Friday, December 15, 2006

Retirement accounts as an asset protection strategy

My wife and I consider our family to be at risk of frivoulous or opportunistic law suites. Specifically, our family's assets are vulnerable.

Why do we feel this way:

  1. My wife is an executive in the healthcare industry - one rife with self-serving opportunistic lawsuits.
  2. I am an entreprenuer involved in various business dealings, investments and partnerships (although less so now that I work for Big Company) - sometimes deals go south.
  3. We relatively wealthy compared to many less fortunate in our poor rural town - therefore we are a more obvious target for legal opportunism.

Consequently, we feel it is important to protect our assets. We have a great distrust of off-shore asset protection plans - too little control and too many expenses. Quite frankly, we're not even wealthy enough to consider the possibility. Perhaps when we're worth more than $5M versus our much more modest $600k (right now).

For now, we can maximize our asset protection from creditors / suitors by doing the following:

  1. Holding our house title as tentants in the entirety.
  2. Placing as much of our assets and assest growth in retirement accounts.
  3. Placing life insurance in irrevocable trusts (ILITs)

#1 is fairly easy. Your attorney can do it for you shortly after you buy your house or when you buy it.

#2 is not easy. Actually, it's very confusing. I've only learned the answers for half of the many questions I have. I'll probably have to pay a princely sum for an attorney to answer the others.

#3 is done, but not easy. It's also a great estate planning tool as the insurance proceeds bypass your estate / probate, etc.... The ILIT is funded by term policies. You gift the trust annual payments sufficient to cover the premiums. You may need an estate planning attorney to set an ILIT up, but it's pretty standard fare for most insurance brokerages.

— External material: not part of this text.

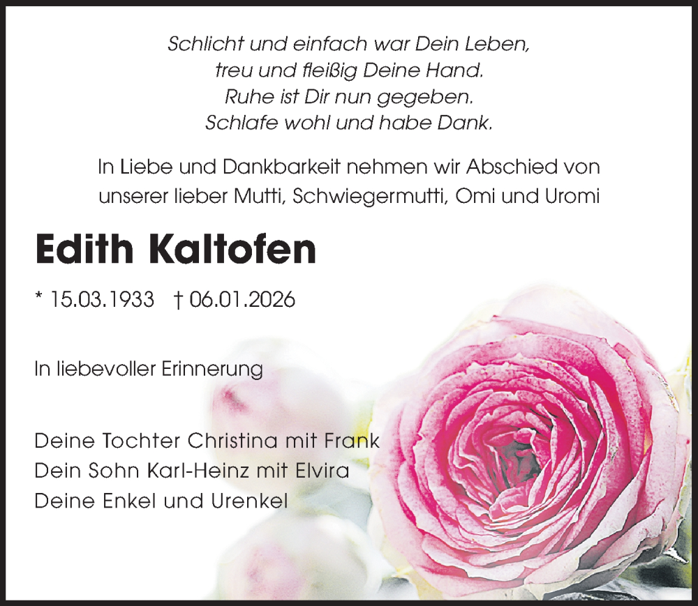 Hier finden Sie alle Traueranzeigen aus der Zeitung, die bisher für Edith Kaltofen erschienen sind. Weitere Traueranzeigen, die in der Zeitung erscheinen, werden hier ebenfalls aufgelistet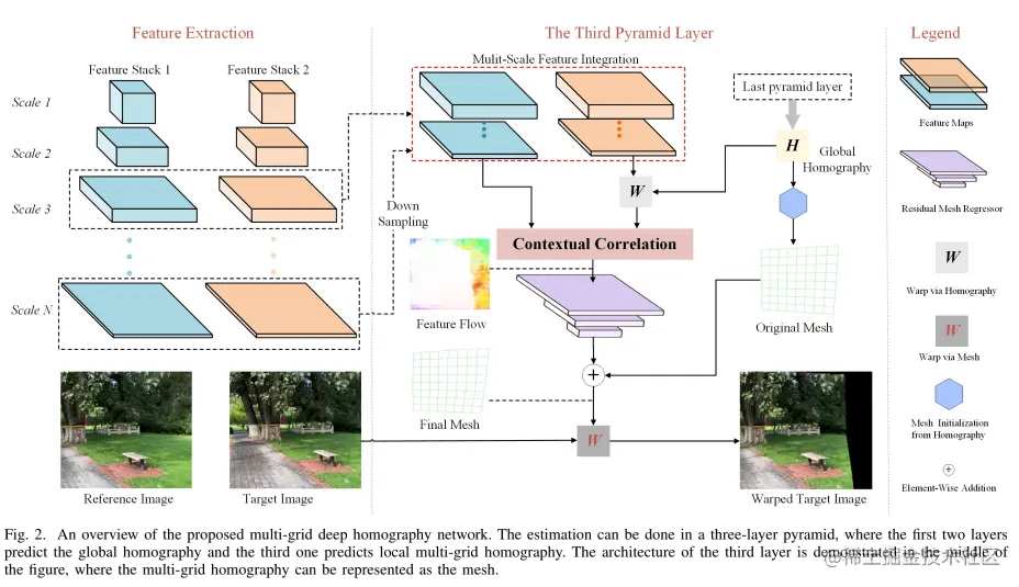 我们采用一系列具有共享权重的卷积池块来提取不同尺度的输入图像的深度特征(, k = 1, 2, ..., N)。然后我们对这些不同尺度的特征进行resize和堆叠,形成一个特征金字塔,其中第l层整合了从尺度l到尺度N的多尺度特征。接下来,我们使用特征金字塔的顶部(l = 1 , 2, 3) 从集成的多尺度特征中预测多网格单应性。在我们的设计中,第 l 层将第 (l-1) 层的预测单应性作为当前层的已知先验信息,并预测残差单应性。具体来说,前两个金字塔层预测全局单应性,而第三个金字塔层预测 U × V 多网格单应性。通过这种方式,我们预测从全局到局部的多网格单应性,使我们的网络能够处理具有视差的图像。

This is where I am right now:

Priority of protection:

  1. Defined contribution plans (such as 401k, SEP-IRA, 403b) (and Simple IRAs?) are ERISA protected by federal law and are off limits to creditors - regardless of the balance.
  2. Funds rolled over from defined contribution plans into Rollover IRAs are also protected - but the owner must be careful to account for any non-rollover contributions made to the accounts - regardless of the balance.
  3. Roth and traditional IRAs were originally subject to state specific creditor laws. Documents I have read protect these accounts from creditors in NC and IL.
  4. The recent BAPCPA 2005 bankruptcy law (passed in 2006?) placed federal protections on IRAs (Roth and Traditional), but only with a limit of $1m.

The questions I have are as follows:

  1. If I roll traditional IRA balances into a SEP-IRA or 401k, will they enjoy ERISA creditor protection (i.e. unlimited)?
  2. Is my individual 401k, which is considered a defined contribution plan elsewhere in the tax code, enjoying ERISA protection? If not, what protection does it have?
  3. I have individual 401ks and SEP-IRAs -can I / should I roll one into another? If I do, what are the asset protection consequences?

Does anyone have any experience on this matter?

I'll update this posting once I hear from a few attornies. I'm waiting to hear from one of my attornies.

I've talked with the retirement experts at Vanguard who are completely misinformed. I was told "anything ending in IRA has no protection." I'm not an attorney, but I can read and the law is pretty clear Vanguard was wrong. I was very disappointed. I've asked to speak with their higher ups, hopefully I'll get a good answer.

Regards,

makingourway

1 comment:

Walter said...

SEP-IRAs and 401K are not ERISA protected if there is only you and your wife as owner/employees - you have to have at least one non-related employee to fall under ERISA protection.